# Earth Worm Substrate



## *Alex* (Jul 15, 2010)

hey im just wondering what would be a good substrate to keep worms in for feeding to my frog?

thanks

alex


----------



## eddygecko (Feb 14, 2007)

Earth


----------



## mr.paul.c (May 4, 2010)

I think it helps to use a bit of common sense...


----------



## *Alex* (Jul 15, 2010)

yea i know to use earth im not a retard, i was asking as in if i took it strait from the garden are the worms going to ingest anything from that soil that is going to harm my frog?

so to both of you dont be dicks...


----------



## benjo (Oct 31, 2007)

i should think shop bought topsoil or compost? i wouldnt take it from the garden.. if you did that you might aswell just dig up worms to feed instead of breeding them


----------



## toad650 (Feb 9, 2009)

Get top soil with no fertilisers in or anything, think you can get sterile stuff aswell from homebase.

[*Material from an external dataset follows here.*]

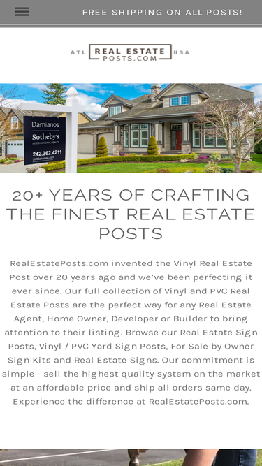 "<div class="prod_det_col_l"> <p>The Real Estate Post was invented over 20 years ago, and we've been refining it ever since to ensure it meets the highest standards of durability and ease of use. This Real Estate Post Kit includes everything necessary for installation&mdash;just add your real estate sign. Our patent-pending internal key system streamlines assembly and disassembly, making the process fast and effortless. This design also provides a clean, smooth appearance, as no external screws are required to secure the sign arm.</p> <p>Installation is particularly simple thanks to our innovative PowerStake, ensuring your sign post stays firmly in place. The 36" arm accommodates signs up to 24" wide, with hanging holes at 16" or 20" on center. For larger signs, the 46" arm supports up to a 36" wide sign, with hanging holes at 14", 18", 26", and 30" on center. See the images for a clear comparison between the fixed holes and sliding clips options, allowing you to choose the best configuration for your signage needs.</p> <h3><strong>FREQUENTLY ASKED QUESTIONS:</strong></h3> <p><strong>Are holes predrilled for rider clips?</strong></p> <p>Yes! All of our post systems have a small hole predrilled for rider clips.</p> <p><strong>I would prefer to bury my post. How does this work?</strong></p> <p>Yes. Some customers prefer to bury their posts rather than use the stakes, either because of loose soil conditions or because they want a more permanent solution. We offer an option that provides an eight-foot post without a PowerStake. This can be direct buried. For even more stability, you can insert a 4x4 wood post into our post.</p> <p><strong>What tools are required?</strong></p> <p>A Phillips screwdriver for the rider clips and a hammer f

You could just start a compost heap/tub there's loads of websites on it and then you know exactly what there eating and going into your frogs.


----------



## *Alex* (Jul 15, 2010)

thanks guys =] they were the answers i was looking for =]

thanks again 

alex


----------



## pollywog (Oct 6, 2005)

Coco based soil like eco-earth etc. is fine for keeping the worms in and that's what most are sold and shipped in.
Worms fed on scrap fruit & veg can taste quite bitter and may be rejected by some amphibs, try feeding the worms on damp shredded paper / cardboard instead.


----------